[Data]
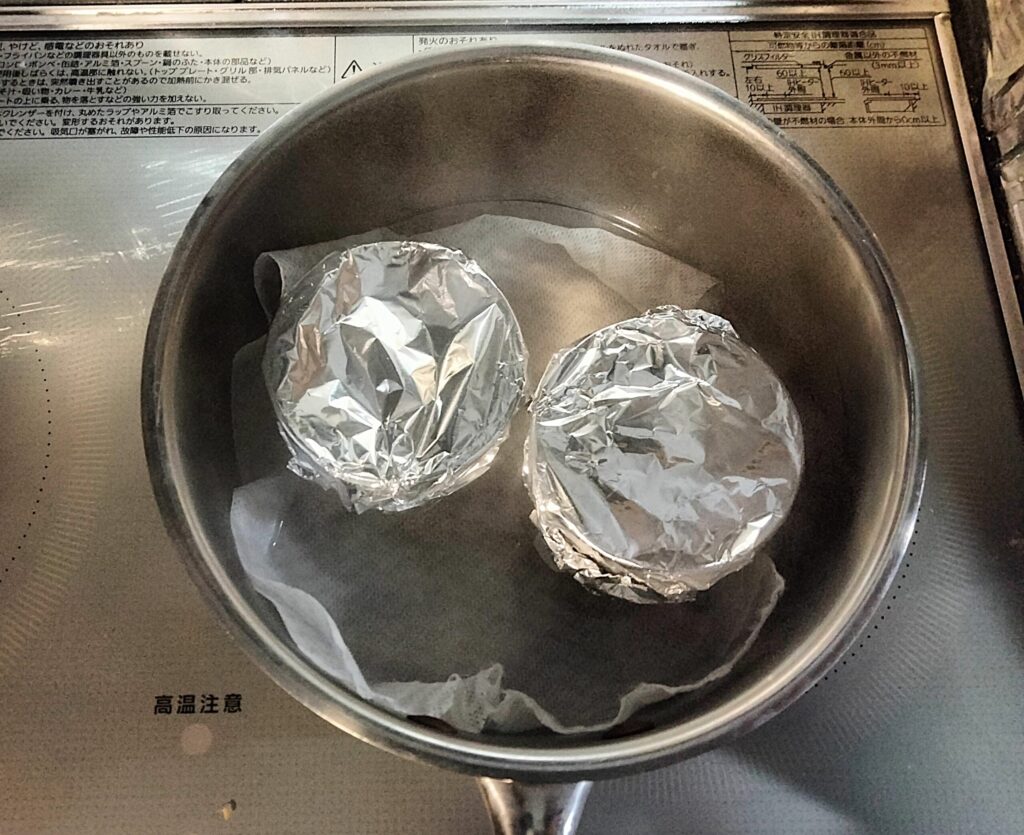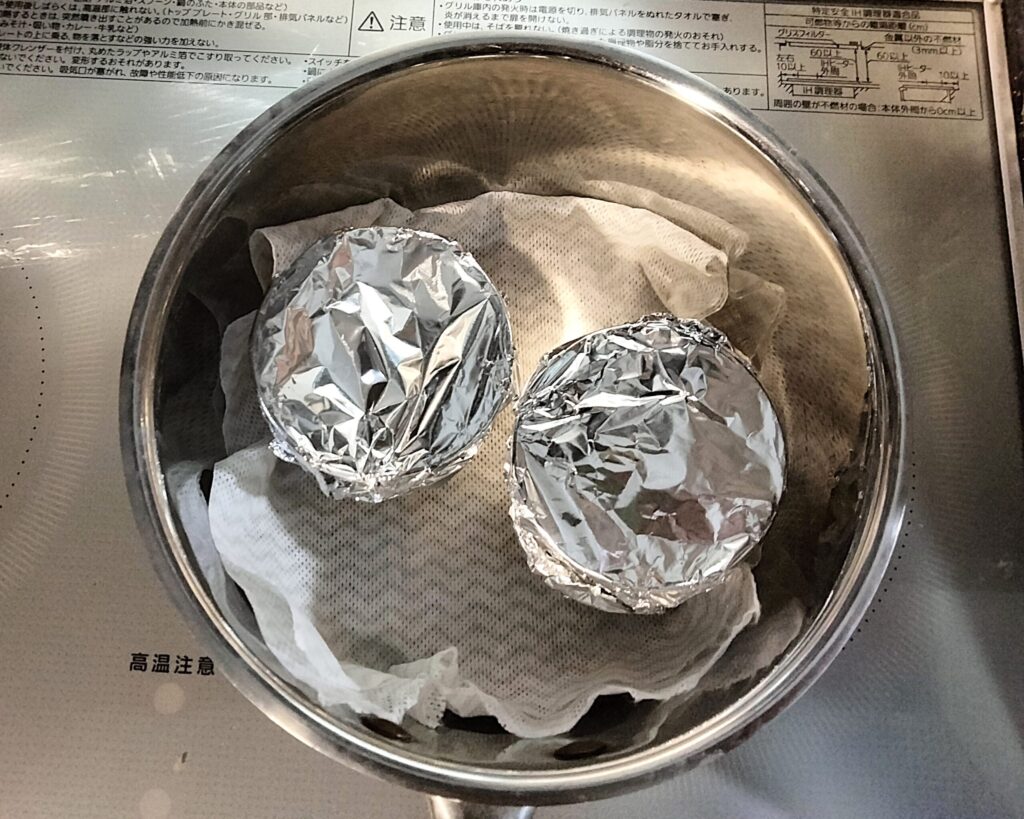 3、キッチンペーパーとアルミホイルで蓋をする
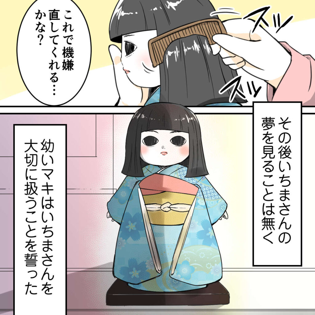 昔から大切にされている市松人形を雑に扱ってしまった罪悪感からなのか、本当にいちまさんの意思で夢に現れたのか・・・不思議ですね。そしてちょっと怖いです。
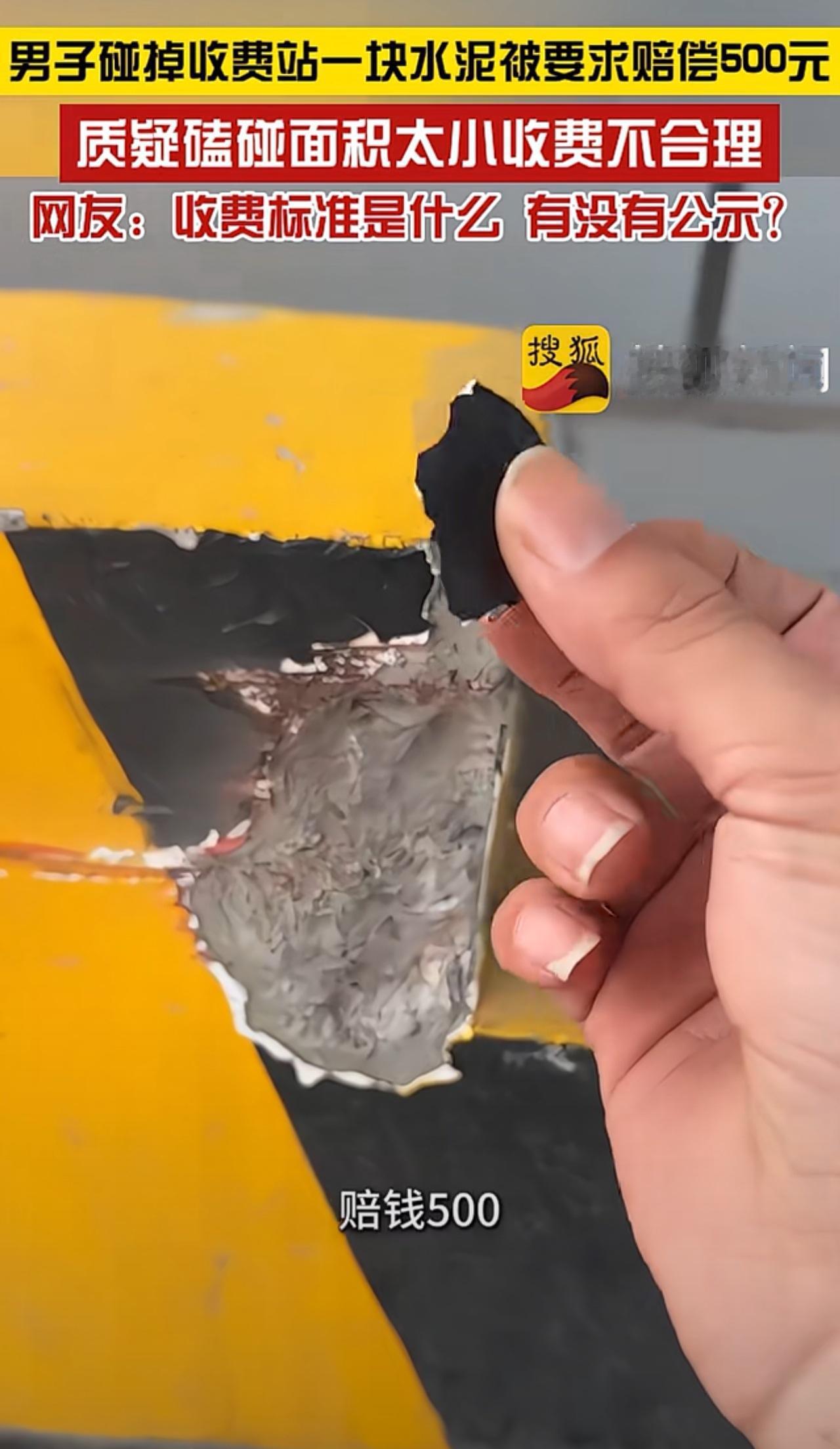 近日浙江男子碰掉收费站一块水泥被要求赔偿500元,质疑磕碰面积太小收费不合理。男子拿着拇指大水泥块气愤道:“看看这个…出口,就扔掉这么大的一块,就要赔500元,走…的时候注意到啊。” 男子全程录像虽然没说不赔,但是明显感觉男子严重不满,不想做这个冤大头。 你怎么看?
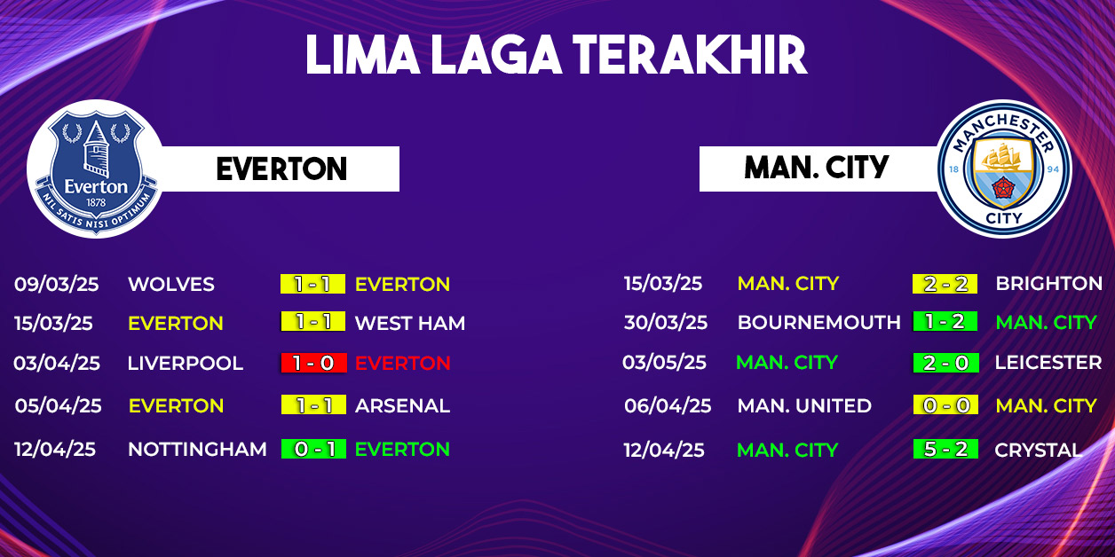 Jika melihat rekor pertemuan kedua tim dalam beberapa musim terakhir, Manchester City memang unggul secara statistik. Namun, hasil imbang di pertemuan pertama musim ini membuktikan bahwa dominasi tersebut tak lagi absolut. Everton kini memiliki kepercayaan diri untuk menahan atau bahkan mengalahkan City di kandang sendiri.
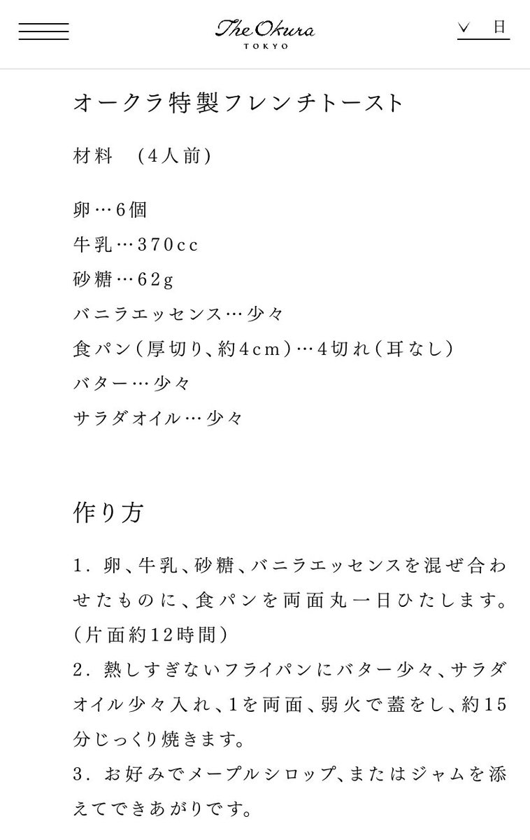 最強のフレンチトーストが作りたくて、調べて辿りついたのが「ホテルオークラのフレンチトースト」の秘伝レシピ。そして昔食べたあの味を再現するには、たまごへの漬け込み時間と焼き方が重要だったとは…… 世界中の舌をうならせてきた味を家で再現できる時代に感謝 theokuratokyo.jp/letter/recipe/…
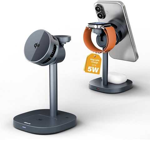 Amazon – 2025 New 3 in 1 Wireless Charger Stand Compatible with MagSafe, 15W Qi2 Fast Charging Station for Apple Devices with Active Cooling, Magnetic Charger for iPhone16/15/14/13/12, iWatch, AirPods, GrayGet Deal
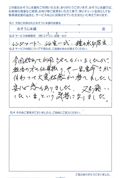 おそうじ本舗スタッフの方々に感謝!! 他の人にも勧めたい!! 店長をはじめ、どの方もプロの仕事をしてくださいました。また、技術・時間だけでなく、接客応対が丁寧で、最後まで気持よくサービスを受けることができました!!

[Exercise description]
Only the lines from the top of the data through the line with "Amazon – 2025" should be quoted, exactly and with both ends kept; skip the pictures.

[Problem solution]
 3、キッチンペーパーとアルミホイルで蓋をする
 昔から大切にされている市松人形を雑に扱ってしまった罪悪感からなのか、本当にいちまさんの意思で夢に現れたのか・・・不思議ですね。そしてちょっと怖いです。
 近日浙江男子碰掉收费站一块水泥被要求赔偿500元,质疑磕碰面积太小收费不合理。男子拿着拇指大水泥块气愤道:“看看这个…出口,就扔掉这么大的一块,就要赔500元,走…的时候注意到啊。” 男子全程录像虽然没说不赔,但是明显感觉男子严重不满,不想做这个冤大头。 你怎么看?
 Jika melihat rekor pertemuan kedua tim dalam beberapa musim terakhir, Manchester City memang unggul secara statistik. Namun, hasil imbang di pertemuan pertama musim ini membuktikan bahwa dominasi tersebut tak lagi absolut. Everton kini memiliki kepercayaan diri untuk menahan atau bahkan mengalahkan City di kandang sendiri.
 最強のフレンチトーストが作りたくて、調べて辿りついたのが「ホテルオークラのフレンチトースト」の秘伝レシピ。そして昔食べたあの味を再現するには、たまごへの漬け込み時間と焼き方が重要だったとは…… 世界中の舌をうならせてきた味を家で再現できる時代に感謝 theokuratokyo.jp/letter/recipe/…
 Amazon – 2025 New 3 in 1 Wireless Charger Stand Compatible with MagSafe, 15W Qi2 Fast Charging Station for Apple Devices with Active Cooling, Magnetic Charger for iPhone16/15/14/13/12, iWatch, AirPods, GrayGet Deal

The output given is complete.